Information
+++
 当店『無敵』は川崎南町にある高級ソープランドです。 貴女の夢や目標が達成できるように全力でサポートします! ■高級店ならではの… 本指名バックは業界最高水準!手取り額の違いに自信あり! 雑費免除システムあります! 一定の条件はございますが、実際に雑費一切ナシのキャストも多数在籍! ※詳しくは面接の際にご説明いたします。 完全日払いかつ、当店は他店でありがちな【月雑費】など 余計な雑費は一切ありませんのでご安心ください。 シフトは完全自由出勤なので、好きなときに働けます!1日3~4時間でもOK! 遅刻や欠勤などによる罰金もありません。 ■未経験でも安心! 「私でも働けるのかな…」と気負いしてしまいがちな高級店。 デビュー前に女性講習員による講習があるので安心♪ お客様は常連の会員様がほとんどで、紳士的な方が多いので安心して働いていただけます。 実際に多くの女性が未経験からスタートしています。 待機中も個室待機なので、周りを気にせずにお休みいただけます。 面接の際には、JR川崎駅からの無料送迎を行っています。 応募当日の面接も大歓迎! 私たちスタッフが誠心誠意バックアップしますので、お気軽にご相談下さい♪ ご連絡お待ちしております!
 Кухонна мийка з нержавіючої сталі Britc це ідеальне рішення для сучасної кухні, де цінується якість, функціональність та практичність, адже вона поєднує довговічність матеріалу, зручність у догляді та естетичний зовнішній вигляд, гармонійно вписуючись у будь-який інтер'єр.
+++
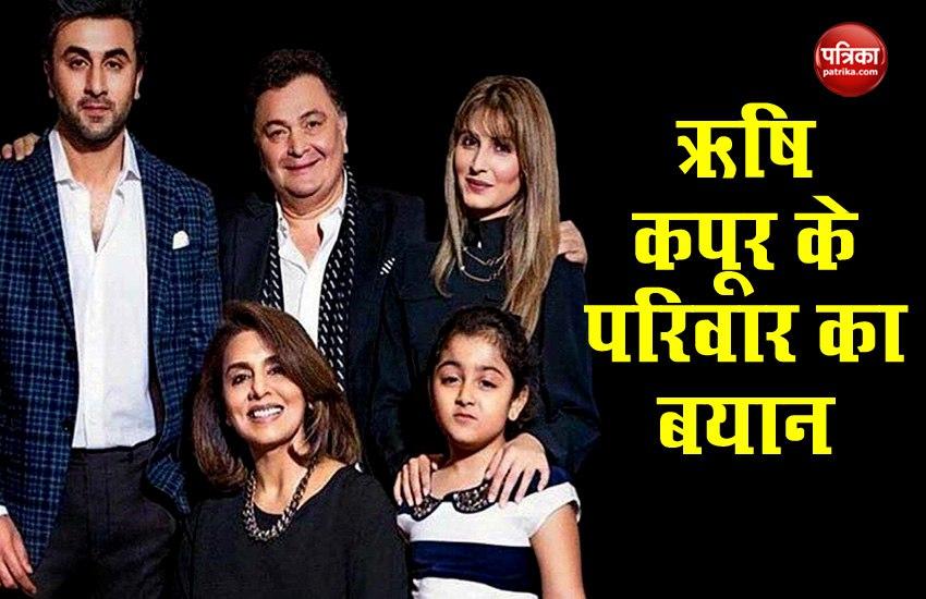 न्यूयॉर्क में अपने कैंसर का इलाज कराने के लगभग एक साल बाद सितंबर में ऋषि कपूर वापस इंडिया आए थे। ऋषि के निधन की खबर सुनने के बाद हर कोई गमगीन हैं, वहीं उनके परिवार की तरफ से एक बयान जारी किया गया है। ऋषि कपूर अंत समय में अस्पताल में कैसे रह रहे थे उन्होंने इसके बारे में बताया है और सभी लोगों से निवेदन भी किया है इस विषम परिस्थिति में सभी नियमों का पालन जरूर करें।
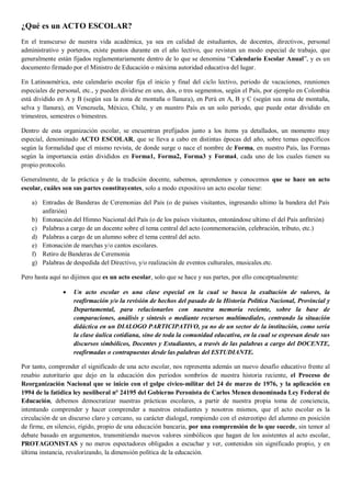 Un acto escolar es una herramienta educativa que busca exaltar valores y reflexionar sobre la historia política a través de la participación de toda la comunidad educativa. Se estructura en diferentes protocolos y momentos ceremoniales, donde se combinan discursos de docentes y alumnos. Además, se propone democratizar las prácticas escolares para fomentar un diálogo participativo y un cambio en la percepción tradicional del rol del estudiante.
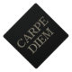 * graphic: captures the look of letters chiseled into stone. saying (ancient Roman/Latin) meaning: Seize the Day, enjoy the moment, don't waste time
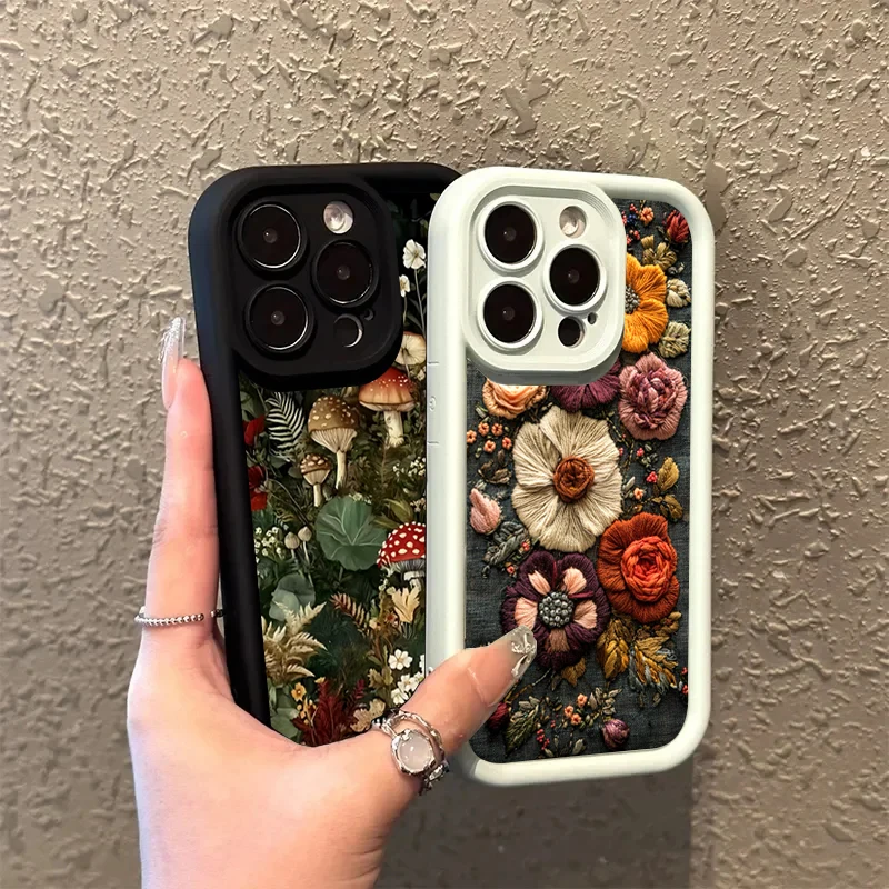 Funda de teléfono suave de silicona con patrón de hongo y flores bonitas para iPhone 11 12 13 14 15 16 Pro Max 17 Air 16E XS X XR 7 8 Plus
+++
Task instructions
Output exactly one stretch of the listing: from the line containing "当店『無敵』は川崎南町にある高級ソープランドです。 貴女の夢や目標が達成できるように全力でサポートします! ■高級店ならではの…" through the line containing "Кухонна мийка з", both end lines included.

Result of the exercise
 当店『無敵』は川崎南町にある高級ソープランドです。 貴女の夢や目標が達成できるように全力でサポートします! ■高級店ならではの… 本指名バックは業界最高水準!手取り額の違いに自信あり! 雑費免除システムあります! 一定の条件はございますが、実際に雑費一切ナシのキャストも多数在籍! ※詳しくは面接の際にご説明いたします。 完全日払いかつ、当店は他店でありがちな【月雑費】など 余計な雑費は一切ありませんのでご安心ください。 シフトは完全自由出勤なので、好きなときに働けます!1日3~4時間でもOK! 遅刻や欠勤などによる罰金もありません。 ■未経験でも安心! 「私でも働けるのかな…」と気負いしてしまいがちな高級店。 デビュー前に女性講習員による講習があるので安心♪ お客様は常連の会員様がほとんどで、紳士的な方が多いので安心して働いていただけます。 実際に多くの女性が未経験からスタートしています。 待機中も個室待機なので、周りを気にせずにお休みいただけます。 面接の際には、JR川崎駅からの無料送迎を行っています。 応募当日の面接も大歓迎! 私たちスタッフが誠心誠意バックアップしますので、お気軽にご相談下さい♪ ご連絡お待ちしております!
 Кухонна мийка з нержавіючої сталі Britc це ідеальне рішення для сучасної кухні, де цінується якість, функціональність та практичність, адже вона поєднує довговічність матеріалу, зручність у догляді та естетичний зовнішній вигляд, гармонійно вписуючись у будь-який інтер'єр.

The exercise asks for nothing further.